Return the data below exactly, please, but drop the pictures.

DATA TO PROCESS |

-- Opening Marker --

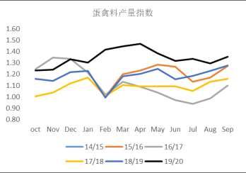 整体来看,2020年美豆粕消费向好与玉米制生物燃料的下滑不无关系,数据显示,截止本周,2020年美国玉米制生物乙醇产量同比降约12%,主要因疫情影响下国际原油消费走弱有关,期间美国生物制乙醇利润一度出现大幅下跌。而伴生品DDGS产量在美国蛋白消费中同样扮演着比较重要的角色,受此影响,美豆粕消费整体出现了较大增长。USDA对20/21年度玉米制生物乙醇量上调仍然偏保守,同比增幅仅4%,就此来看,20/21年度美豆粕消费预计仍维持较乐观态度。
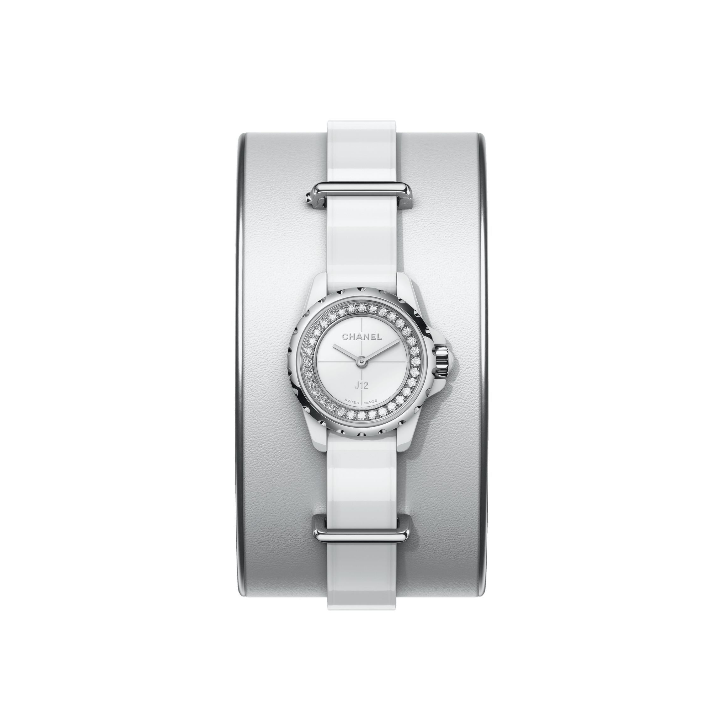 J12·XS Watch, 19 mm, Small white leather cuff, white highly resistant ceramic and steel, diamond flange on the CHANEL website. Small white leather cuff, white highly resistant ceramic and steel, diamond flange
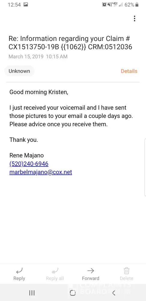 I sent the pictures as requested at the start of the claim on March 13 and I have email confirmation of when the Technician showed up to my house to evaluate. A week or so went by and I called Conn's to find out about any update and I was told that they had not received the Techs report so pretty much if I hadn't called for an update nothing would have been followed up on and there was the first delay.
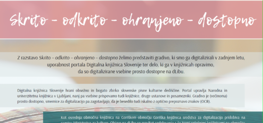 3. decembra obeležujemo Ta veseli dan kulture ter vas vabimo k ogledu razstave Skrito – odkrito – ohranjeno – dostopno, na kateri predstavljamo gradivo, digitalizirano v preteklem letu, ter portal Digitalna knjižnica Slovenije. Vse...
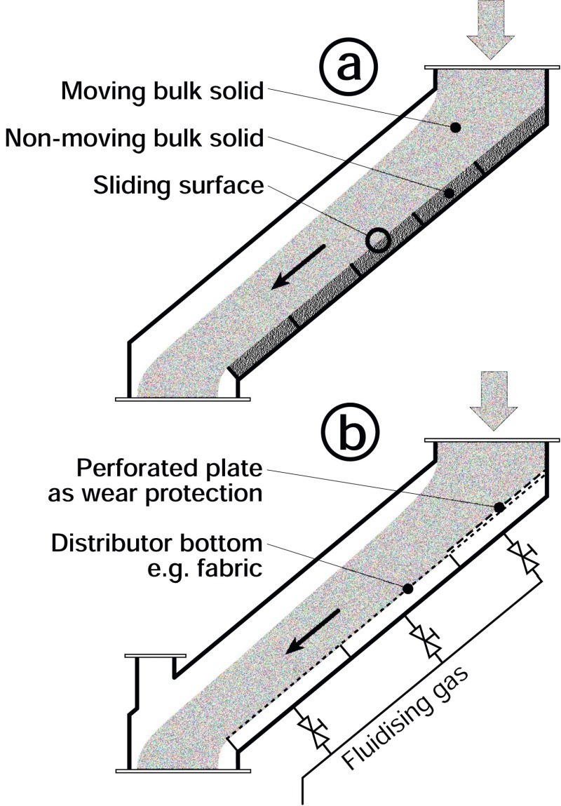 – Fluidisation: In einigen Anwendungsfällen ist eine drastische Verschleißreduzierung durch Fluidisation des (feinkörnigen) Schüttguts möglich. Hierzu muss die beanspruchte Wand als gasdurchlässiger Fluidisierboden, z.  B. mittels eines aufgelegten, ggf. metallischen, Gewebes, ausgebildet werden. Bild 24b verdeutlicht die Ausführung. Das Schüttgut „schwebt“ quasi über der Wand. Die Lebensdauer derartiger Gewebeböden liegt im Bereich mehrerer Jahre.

-- Closing Marker --

YOUR RESPONSE |
 整体来看,2020年美豆粕消费向好与玉米制生物燃料的下滑不无关系,数据显示,截止本周,2020年美国玉米制生物乙醇产量同比降约12%,主要因疫情影响下国际原油消费走弱有关,期间美国生物制乙醇利润一度出现大幅下跌。而伴生品DDGS产量在美国蛋白消费中同样扮演着比较重要的角色,受此影响,美豆粕消费整体出现了较大增长。USDA对20/21年度玉米制生物乙醇量上调仍然偏保守,同比增幅仅4%,就此来看,20/21年度美豆粕消费预计仍维持较乐观态度。
 J12·XS Watch, 19 mm, Small white leather cuff, white highly resistant ceramic and steel, diamond flange on the CHANEL website. Small white leather cuff, white highly resistant ceramic and steel, diamond flange
 I sent the pictures as requested at the start of the claim on March 13 and I have email confirmation of when the Technician showed up to my house to evaluate. A week or so went by and I called Conn's to find out about any update and I was told that they had not received the Techs report so pretty much if I hadn't called for an update nothing would have been followed up on and there was the first delay.
 3. decembra obeležujemo Ta veseli dan kulture ter vas vabimo k ogledu razstave Skrito – odkrito – ohranjeno – dostopno, na kateri predstavljamo gradivo, digitalizirano v preteklem letu, ter portal Digitalna knjižnica Slovenije. Vse...
 – Fluidisation: In einigen Anwendungsfällen ist eine drastische Verschleißreduzierung durch Fluidisation des (feinkörnigen) Schüttguts möglich. Hierzu muss die beanspruchte Wand als gasdurchlässiger Fluidisierboden, z.  B. mittels eines aufgelegten, ggf. metallischen, Gewebes, ausgebildet werden. Bild 24b verdeutlicht die Ausführung. Das Schüttgut „schwebt“ quasi über der Wand. Die Lebensdauer derartiger Gewebeböden liegt im Bereich mehrerer Jahre.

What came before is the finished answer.